INFORMATION PROVIDED:
===

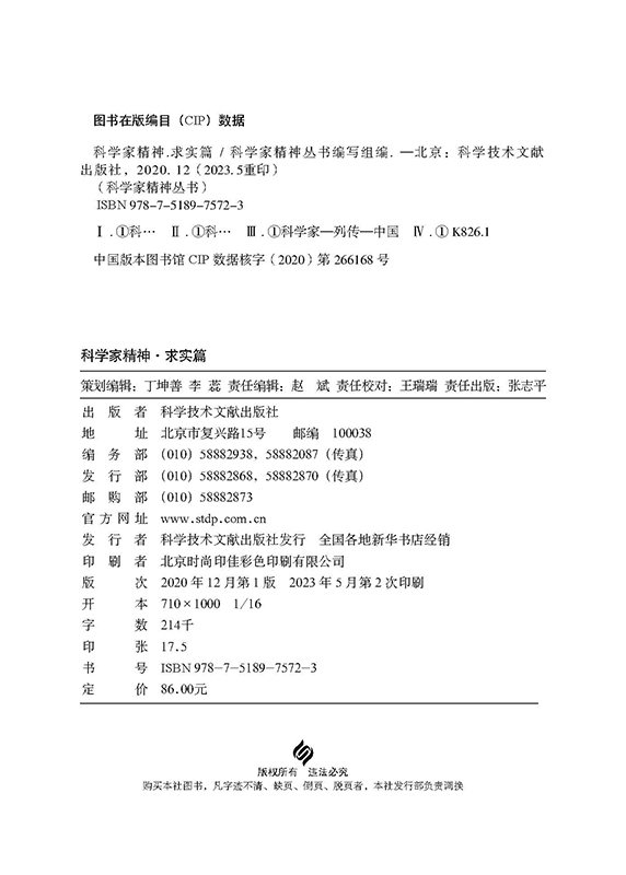 科学技术文献出版 求实篇 社2023年5月重印 科学家精神 全新正版
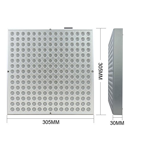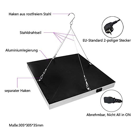 Specifications: size of the plant lamp: 305 x 305 x 30 mm; Weight: 1.18 kg. Recommended irradiation distance: 40cm - 100cm. Irradiation range: approx. 2㎡. With mains plug. Cable length approx. 120cm.
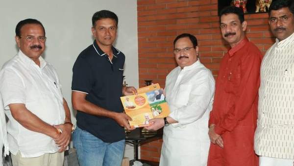 'संपर्क से समर्थन' कैंपेन के तहत बेंगलुरु में राहुल द्रविड़ से मिले जेपी नड्डा
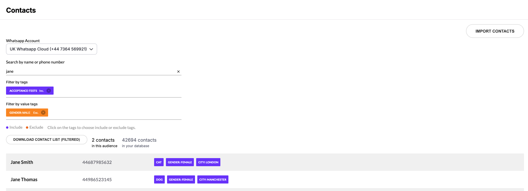 As a result of the applied filters, we can see two contacts named Jane. Both of them have the tag "dog", and neither of them has a value tag for "gender" with the value "male".
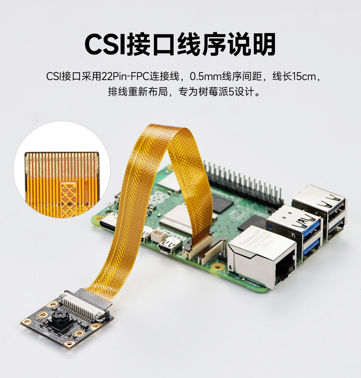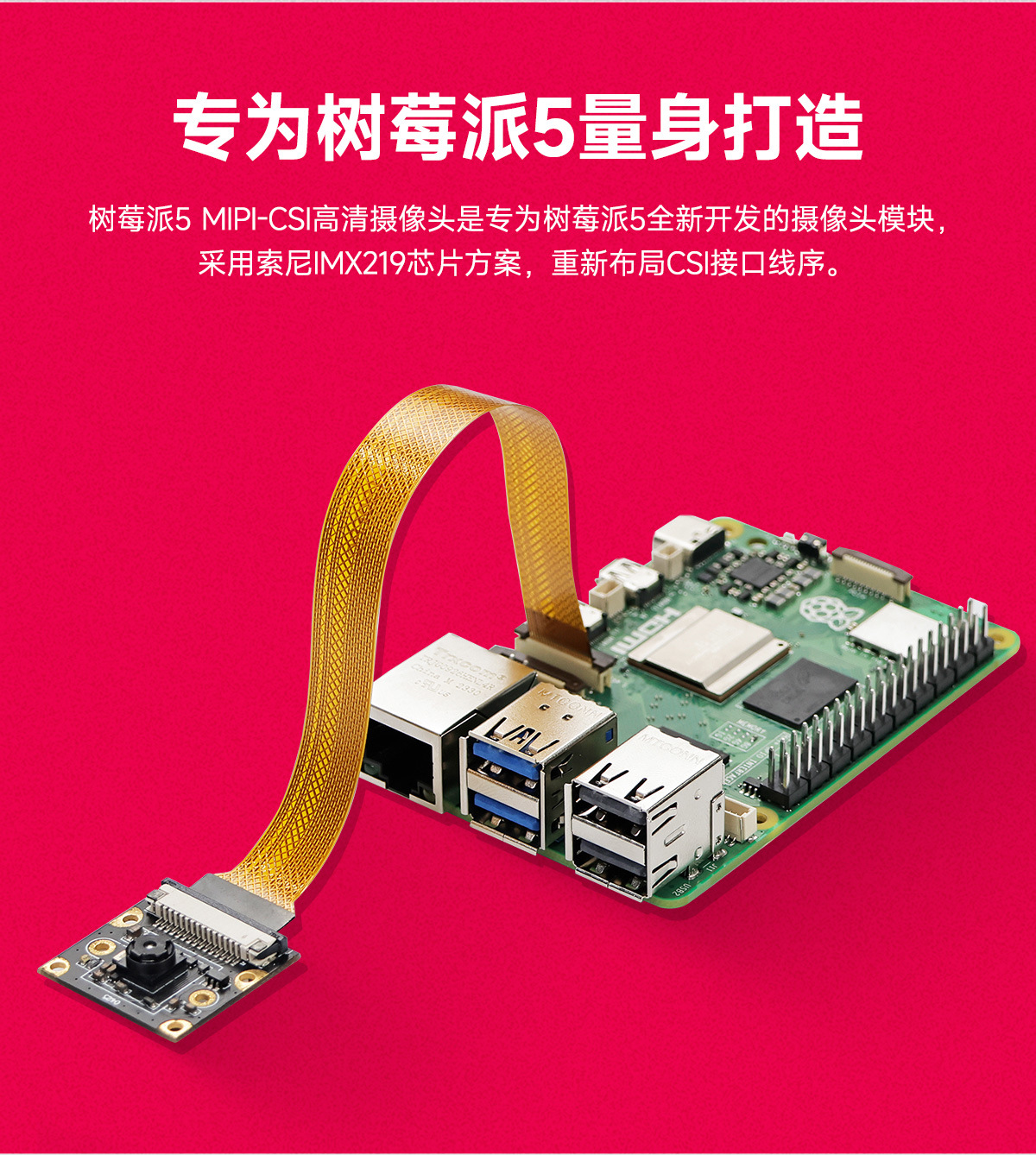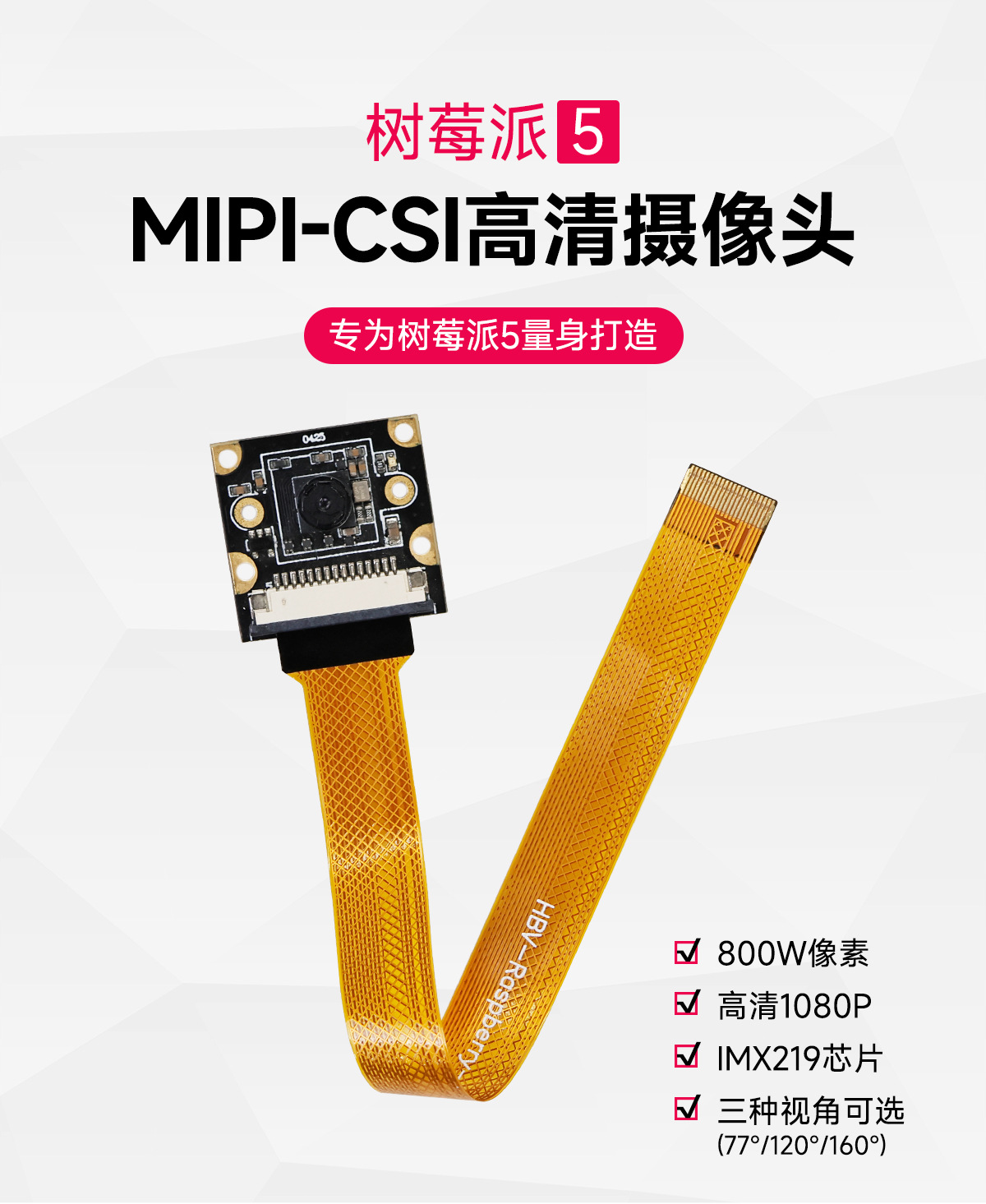 树莓派5代CSI高清摄像头pi5 800万Camera视频IMX219模块MIPI相机
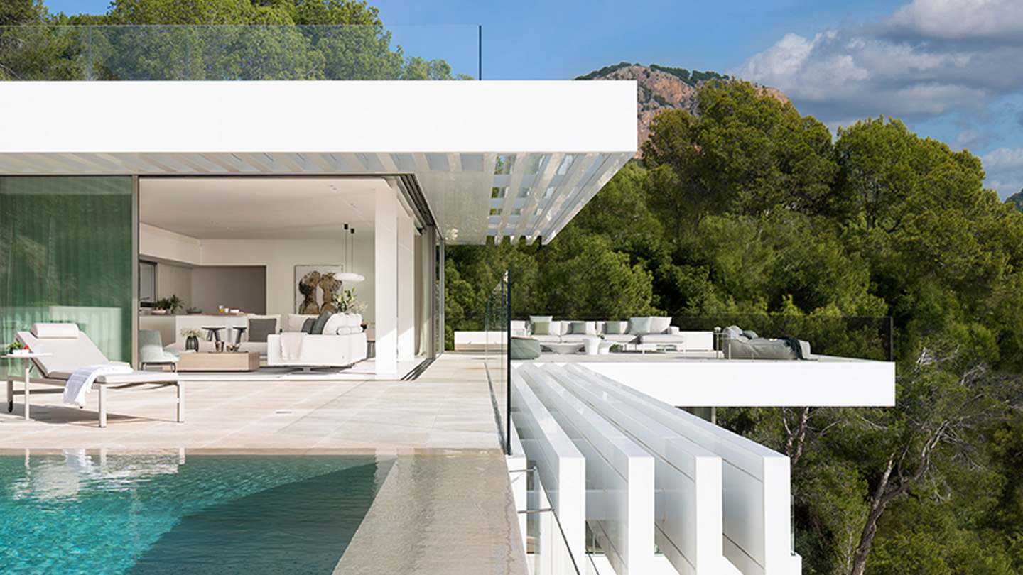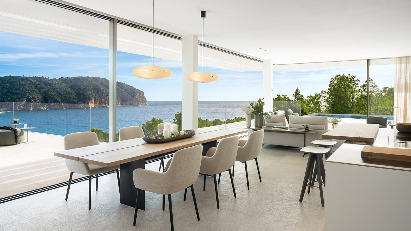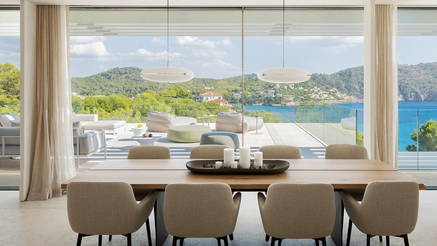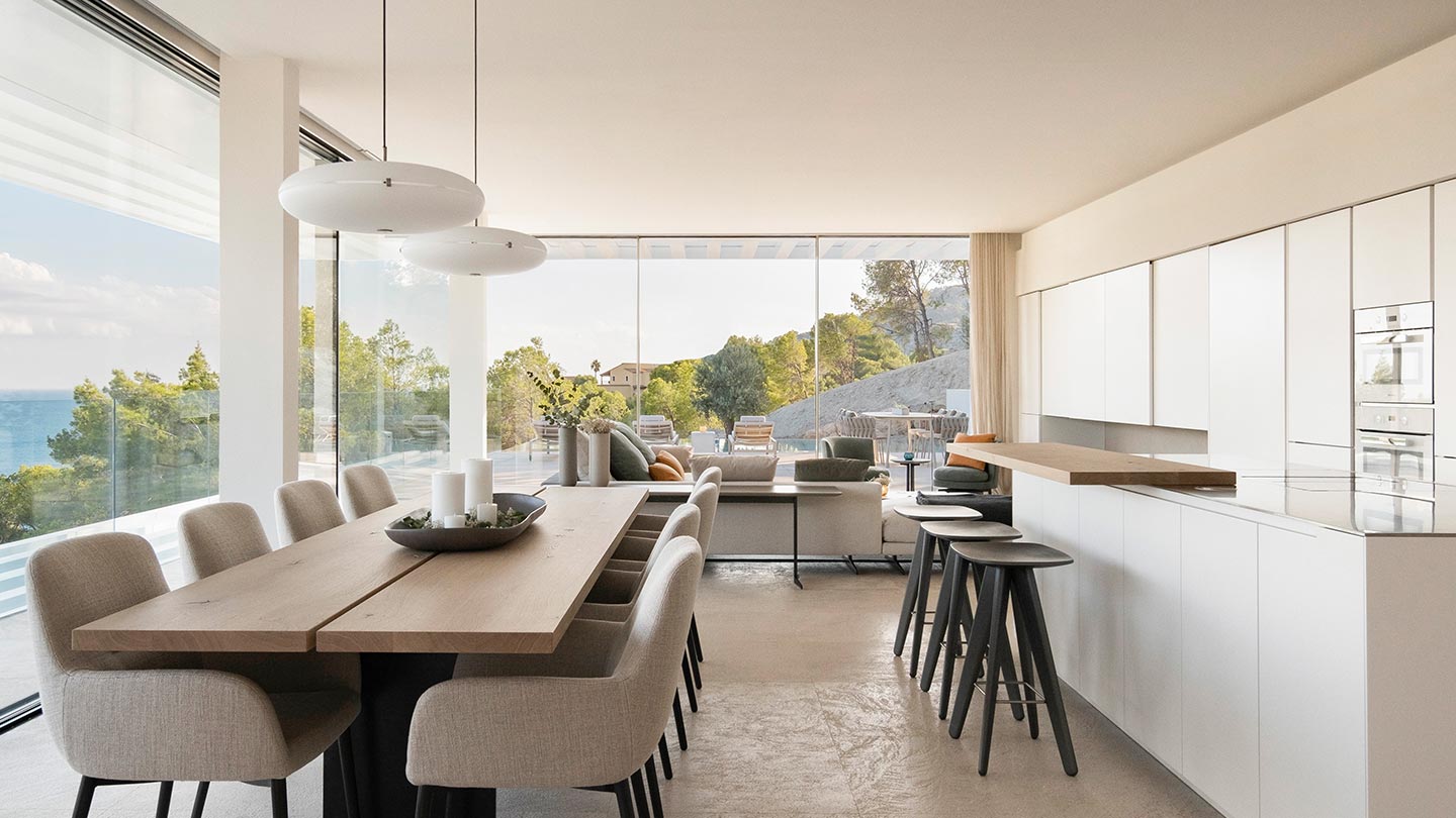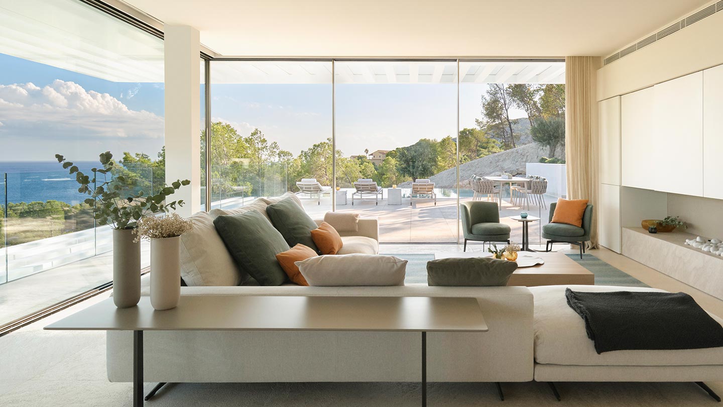 El fresco diseño interior de Villa Statera, creado por Terraza Balear, es un concepto limpio de linealidad que complementa la arquitectura de la casa. La decoración se ejecuta en una paleta natural que se funde con el entorno de la morada junto a la playa e incorpora marcas de alta gama como B&B Italia, y una cocina de diseño de Poliform.
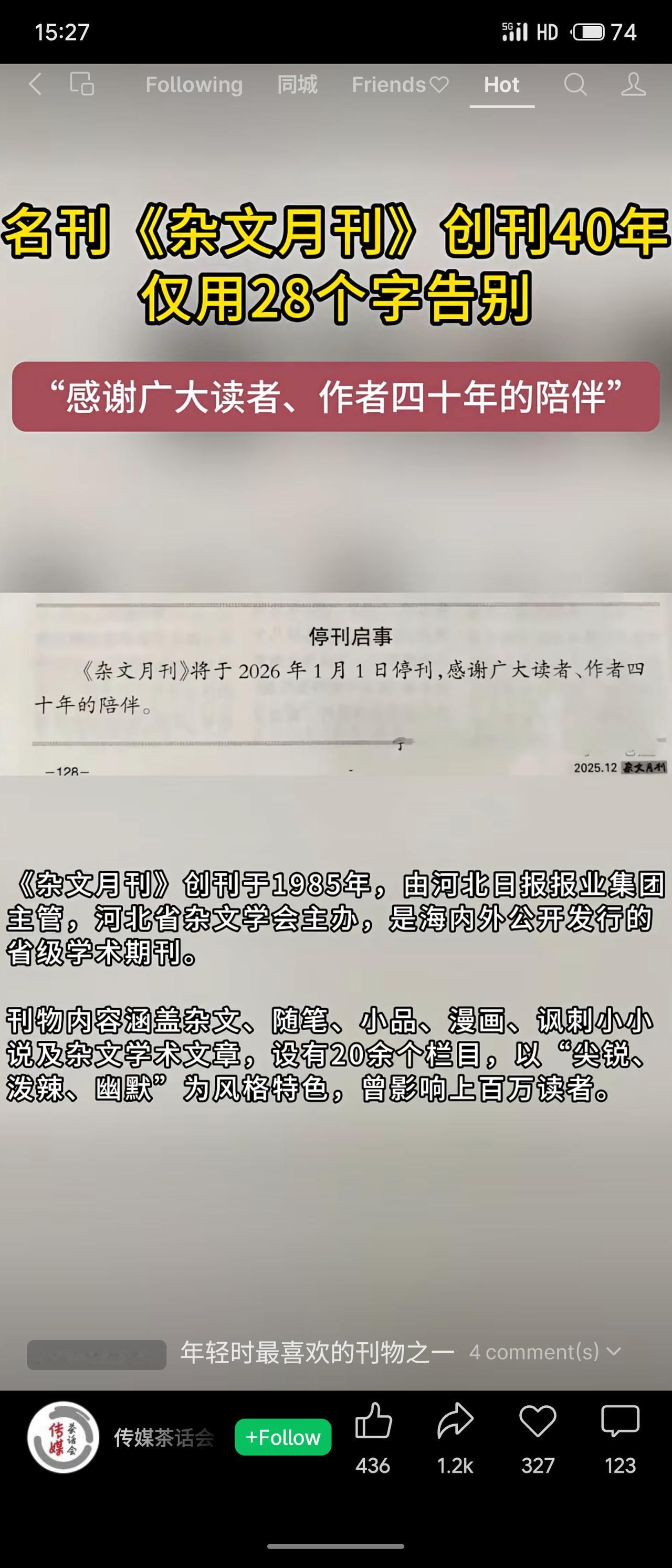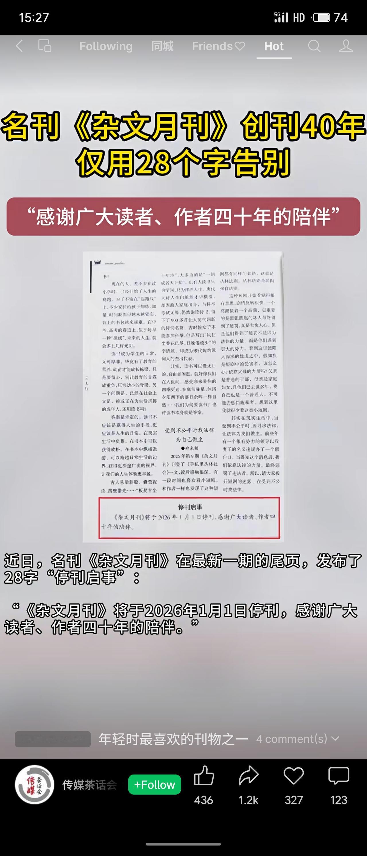 创刊于1985年的知名杂志《杂文月刊》宣布将于2026年1月1日停刊。其告别方式极为简洁,仅用28字启事感谢了读者与作者四十年的陪伴。该刊以“尖锐、泼辣、幽默”的杂文风格著称,曾拥有广泛影响力。
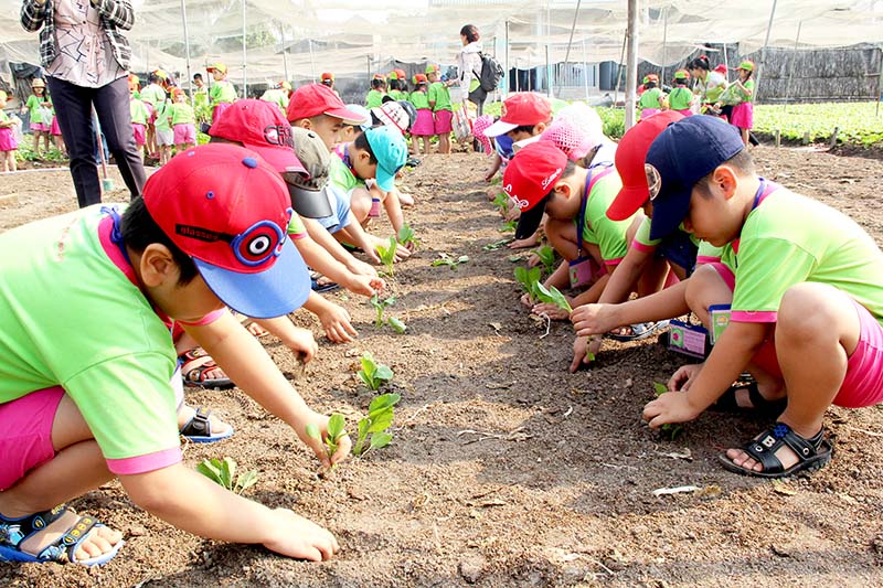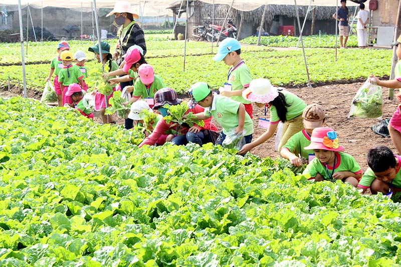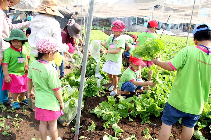 cac be truong mam non tham quan vuon rau sạch
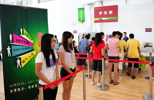 在报到场馆内,各单位、各学院自早上六点半进场到下午六点无间断办公,保证了新生注册工作的高效进行。学生部和往年一样开设了“绿色通道”,确保不让被录取学生因为家境困难而失学。保卫部根据入校车流情况,在校内各交通干道实行交通管制方案,定出明确的行车路线,确保了迎新期间校内交通安全顺畅。

===

WHAT TO WORK ON: With the pictures omitted, print precisely the lines from the one with "Specifications: size of" to the final line of the records, both included.

TASK ANSWER:
 Specifications: size of the plant lamp: 305 x 305 x 30 mm; Weight: 1.18 kg. Recommended irradiation distance: 40cm - 100cm. Irradiation range: approx. 2㎡. With mains plug. Cable length approx. 120cm.
 'संपर्क से समर्थन' कैंपेन के तहत बेंगलुरु में राहुल द्रविड़ से मिले जेपी नड्डा
 As a result of the applied filters, we can see two contacts named Jane. Both of them have the tag "dog", and neither of them has a value tag for "gender" with the value "male".
 树莓派5代CSI高清摄像头pi5 800万Camera视频IMX219模块MIPI相机
 El fresco diseño interior de Villa Statera, creado por Terraza Balear, es un concepto limpio de linealidad que complementa la arquitectura de la casa. La decoración se ejecuta en una paleta natural que se funde con el entorno de la morada junto a la playa e incorpora marcas de alta gama como B&B Italia, y una cocina de diseño de Poliform.
 创刊于1985年的知名杂志《杂文月刊》宣布将于2026年1月1日停刊。其告别方式极为简洁,仅用28字启事感谢了读者与作者四十年的陪伴。该刊以“尖锐、泼辣、幽默”的杂文风格著称,曾拥有广泛影响力。
 cac be truong mam non tham quan vuon rau sạch
 在报到场馆内,各单位、各学院自早上六点半进场到下午六点无间断办公,保证了新生注册工作的高效进行。学生部和往年一样开设了“绿色通道”,确保不让被录取学生因为家境困难而失学。保卫部根据入校车流情况,在校内各交通干道实行交通管制方案,定出明确的行车路线,确保了迎新期间校内交通安全顺畅。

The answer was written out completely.